By Jack Phillips
Senate Democrats on Monday outlined a plan to bypass the Republican filibuster to pass legislation to expand Medicare and give more drug price negotiation powers to the federal government.
That prompted a warning from Senate Minority Leader Mitch McConnell (R-Ky.) on Monday, who warned on the floor that the GOP won’t raise the U.S. national debt ceiling if the bill cannot garner bipartisan support.
“Here’s the comedy, they won’t let Republicans have any say in this monstrosity, but they want our help raising their credit card to make it happen,” McConnell said. “Democrats want Republicans to help them raise the debt limit so they can keep spending historic sums of money with zero Republican input and zero Republican votes,” he added.
But Senate Majority Leader Chuck Schumer (D-N.Y.) said (pdf) the measure is needed to make “education, health care, child care, and housing more affordable.”
He added that Democrats would pass an initial resolution, which will lay out the package’s numbers and policies, before senators leave Washington for a month-long recess.

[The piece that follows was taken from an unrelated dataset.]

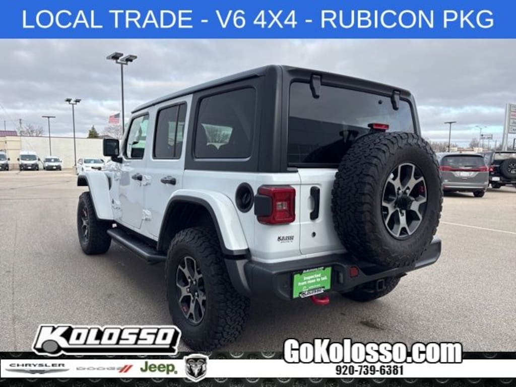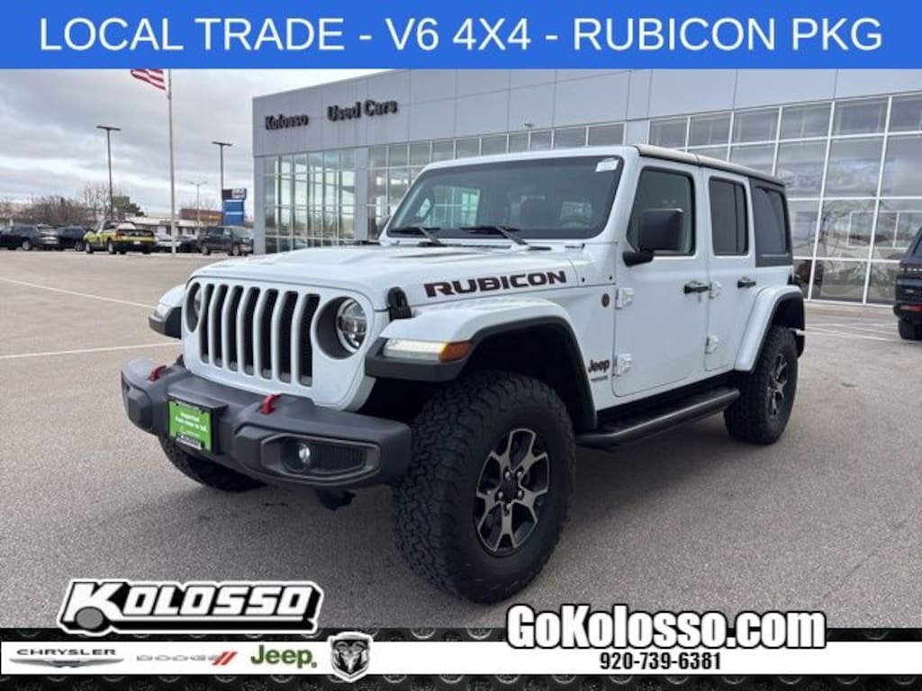 Certified. Wrangler Unlimited Rubicon, 4D Sport Utility, 3.6L V6 24V VVT, 8-Speed Automatic, 4WD, Bright White Clearcoat, Black Cloth, 240 Amp Alternator, 7 & 4 Pin Wiring Harness, 700 Amp Maintenance Free Battery, Apple CarPlay/Android Auto, Auxiliary Switches, Blind Spot & Cross Path Detection, Class II Receiver Hitch, Cold Weather Group, Daytime Running Lamps LED Accents, Front LED Fog Lamps, Heated Front Seats, Heated Steering Wheel, LED Lighting Group, LED Reflector Headlamps, LED Taillamps, Low tire pressure warning, ParkSense Rear Park Assist System, ParkView Rear Back-Up Camera, Quick Order Package 24R, Radio: Uconnect 4 w/7" Display, Safety Group, Steering wheel mounted audio controls, Trailer Tow & HD Electrical Group.
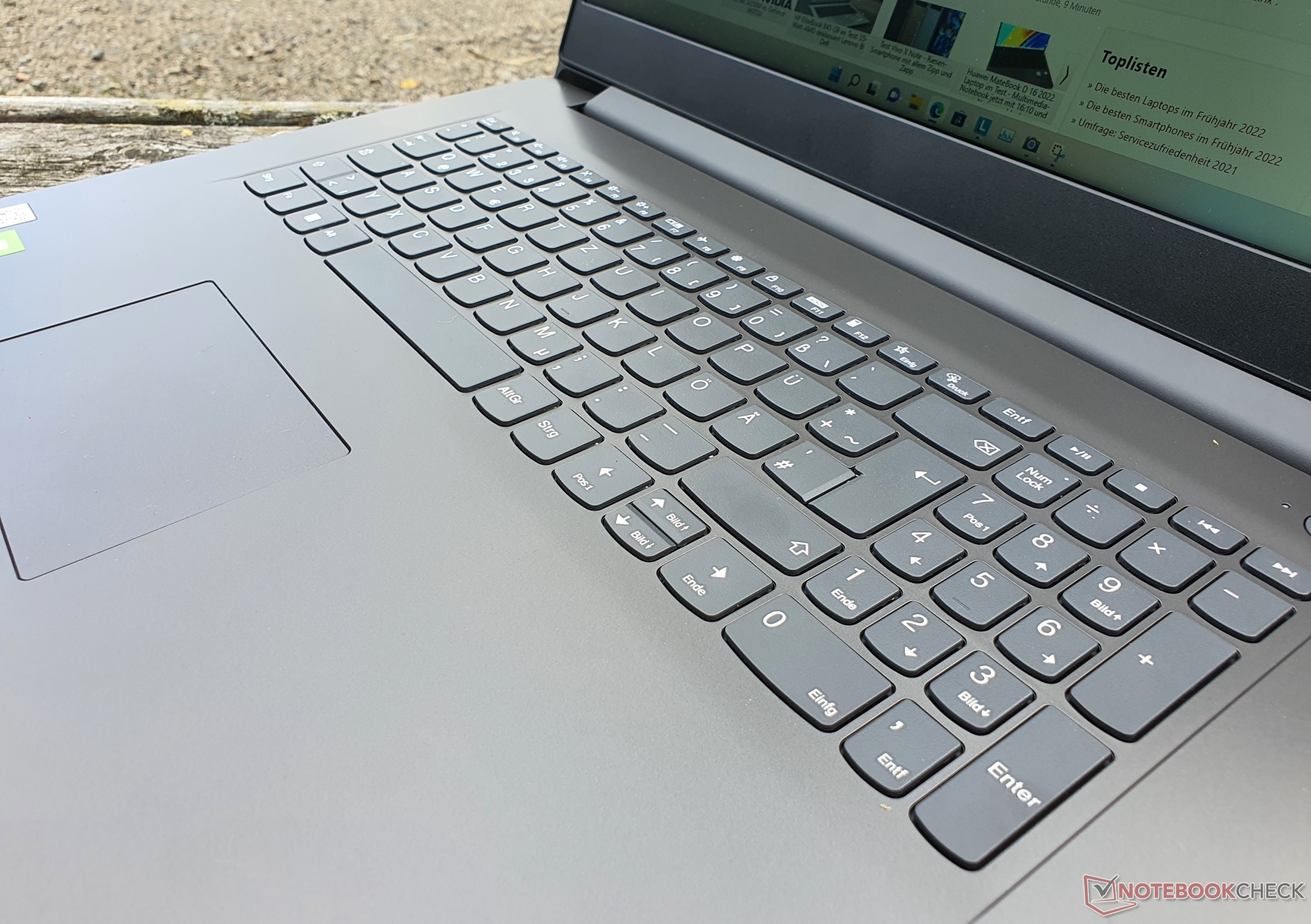 Lenovo también incluye un buen teclado resistente a las salpicaduras en el V17. Las teclas ofrecen un recorrido corto, un punto de presión claro y una resistencia media. Aunque puedes usarlo para escribir textos rápidamente, no será necesariamente silencioso. La mayoría de las teclas tienen el tamaño completo, pero unas pocas son más pequeñas y algunas sólo están disponibles como funciones secundarias en teclas compartidas. No hay iluminación en el teclado

The $3.5 trillion package was dubbed by Democrats as “human infrastructure” in hopes of making it an easier sell to voters. The legislation contains a number of provisions Republicans have decried as left-wing, including climate-related regulations and amnesty for illegal immigrants.
In response, McConnell on Monday described the bill as a “monstrosity” and said it was written without any Republican support, saying that “if they want 50 lockstep Democratic votes to spend trillions and trillions more, they can find 50 Democratic votes to finance it. If they don’t want Republicans’ input. They don’t need our help.”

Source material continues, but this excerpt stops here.